CHICAGO, IL (July 24, 2012) – Editor’s note: Recent North Park University graduates Michelle Wells and Karen Kelly received U.S. Fulbright Awards to teach internationally this year. To see how receiving a scholarship can impact a life in unexpected ways, Covenant News Service spoke with Rebecca Miller, the first North Park student to receive the honor.
North Park University professor Linda Parkyn, a former Fulbright scholar who has guided students through their process of applying for the U.S. Fulbright Awards, told Rebecca Miller that receiving the honor would change the her life forever. Neither woman imagined how true those words would prove to be.
Miller, who grew up attending Grace Covenant Church in Clay, New York, and was an honors music major at North Park, wanted to learn more about teaching in a multicultural context, so she applied for the prestigious international scholarship in 2007. After receiving the award, she spent her Fulbright year (August 2008-May 2009) teaching English at a school in an Indonesian city run by one of the world’s largest gold-mining companies.

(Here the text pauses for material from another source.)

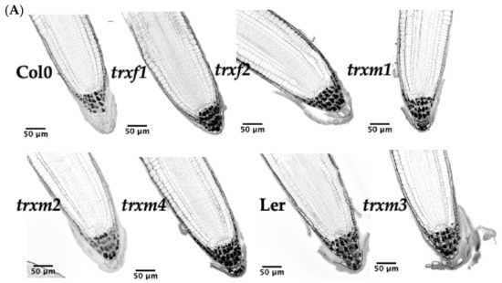 Detecting the TRX m::GFP signal in roots led us to study the root phenotype in the TRX loss-of-function Arabidopsis mutants, extending our analyses to the knock-out trxf lines too. By staining the apical region of the roots with PI, we observed different structures such as the elongation area, the meristematic zone (xylem, phloem and pericycle cells) and the columella (Figure 7A). Starch granules increased in the columella of lines trxf1, trxf2 and trxm4, decreased in trxm3, and were similar in trxm1 and trxm2 with respect to the WT line (Figure 7A,B). No significant differences were detected in the starch granules of the mutant line trxm3 in relation to its control line Ler. Regarding root dimensions, trxf2, trxf1, trxm4 and trxm2 root widths were slightly higher than for Col0 (in the listed order), while the line trxm1 showed a similar size. Additionally, the size of the columella of trxf2 was apparently bigger than for Col0. Finally, the trxm3 root tip was similar to its WT line (Figure 7).

Several thousand Americans and Indonesians lived in the city and worked at the mine.
Many of the students were children of executives and other top-level workers. Miller was assigned to be the first-ever Fulbright scholar to teach there after being hand-picked by corporate leaders.
Outside the boundaries of the city lay another community that Miller compares to an Old West town, filled with brothels, poverty, acute malnutrition, and high crime. The area has the highest HIV/AIDS infection rate in Indonesia, Miller says.
The differences between the two communities dismayed Miller. “It was power and wealth next to kids without protein.”
Her exposure to abject poverty and the disparity in living conditions was to be the first in a series of events that altered her future. Ever since, she has been on multi-year, multinational journey to medical school.
“I sure didn’t see that coming,” she says, laughing.
Miller was exposed to even more malnutrition in Papua, Indonesia, as she traveled around parts of the country with an anthropologist and met the Kamoro people, whose primary nutrition came from sago palms that were chopped up and processed into an edible starch. Most of their protein comes from eating live mollusks.
During a vacation break from her work, she traveled to Bangalore, India, with two other Fulbright scholars, one of whom was related to a woman who directed a music school. The woman initially offered Miller an opportunity to teach, but she declined.
Instead, when her Fulbright term was completed, Miller returned to Chicago, where she worked with a nonprofit organization that provided healthcare on the city’s South Side. She primarily was doing administrative work, however, and realized that was not a future she wanted.
“I decided I wanted to be the person giving services,” she says.
That experience also caused her to reflect further on her time of living with North Park associate professor of art Tim Lowly, his wife, and their severely disabled daughter, Temma, for eight months between graduating and heading to Indonesia. Miller cared for Temma. “The most fulfilling job I’ve ever had has been working with Temma,” she says.
Miller left her job at the clinic to accept an invitation to return to the music school in Bangalore. She gave lessons and directed children’s and adult choirs.
The students thought the only form of Western music was classical, so Miller introduced them to others, including gospel and spirituals. “We actually did a Rollo Dilworth piece,” says Miller, referring to the popular former North Park music professor. “That was exciting.”
She also started an early childhood music program for which she wrote the curriculum. The program continues, and Miller says, “That was a highlight of working there.”
But Miller again was being exposed to the desperate health needs of people in extreme poverty. She volunteered at a hospital for which she did community outreach. Twice a week, she also observed an obstetrician and pediatrician working at clinics in the slums.
The still small voice that had whispered to her about the possibility of entering medical school grew louder. She knew her future was in medicine.
Asked if she had ever considered medicine as a career before her Fulbright scholarship, Miller declares, “Absolutely not. I would not have arrived at that had I not had those experiences.”
Miller hopes to provide primary care for urban underserved populations when she finishes school. She currently attends medical school at SUNY Downstate Medical Center in Brooklyn, New York.